Ethical AI is the concept of ensuring AI is used solely for the benefit of humanity, such as enhancing medical research and the efficiency of public services.
This approach also necessitates overcoming the potential negative outcomes from AI use, including data privacy threats and bias in decision making. This is something that must be achieved to ensure the potential of AI is unlocked in a truly ethical way.
Primary AI Risks
Experts have raised numerous concerns around AI’s impact on individuals and wider society as it is adopted more widely.
John Durcan, IDA Ireland’s Chief Technologist, told Infosecurity that a big issue is the fact that a lot of data AI models are currently trained on are centred on certain sections of society, in particular Western characteristics and beliefs.
This has the potential for bias and even discrimination when AI is applied in fields such as medicine and justice.
It can also result in ‘edge cases’, a problem or situation that occurs at the extreme of what's considered normal or expected, potentially impacting millions of people.
“We have a lot of data on particular segments of society, but not on all areas,” Durcan warned.
Another threat is the potential for government and law enforcement overreach in using AI for purposes such as surveillance using biometric technology.
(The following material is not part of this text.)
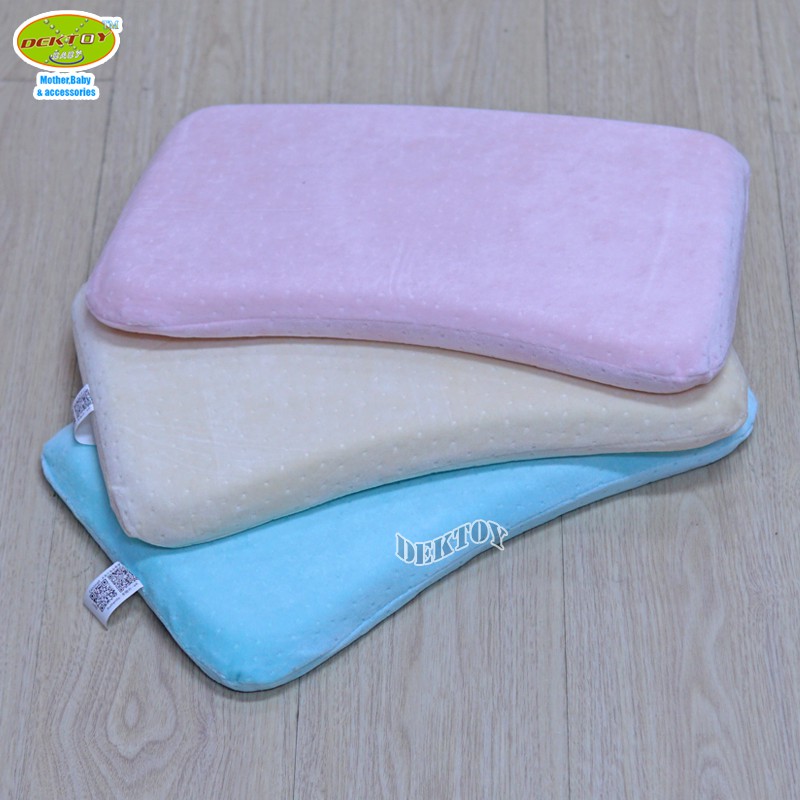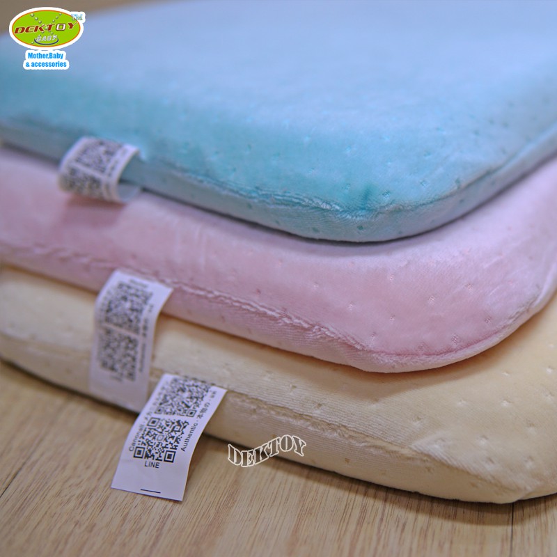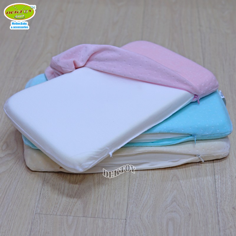 หมอนหนุนเด็กเมมโมรี่โฟมพร้อมปลอก สี่เหลี่ยม สีฟ้า

While there is a strong case to be made around using this technology for policing and national security purposes, Durcan said there needs to be safeguards around such usage to avoid abuse.
Data security and privacy around AI models is already a major issue. This includes leakage of sensitive corporate data caused by prompt injection – users manipulating large language model (LLM) outputs through prompts accidently or maliciously.
Ronan Murphy, Member of the AI Advisory Council for the Government of Ireland, told Infosecurity that for AI technologies to deliver value to an organisation, they need access to vast quantities of data.
“That represents the biggest single risk from a cyber, governance and risk and compliance perspective, that any industry has ever faced,” he noted.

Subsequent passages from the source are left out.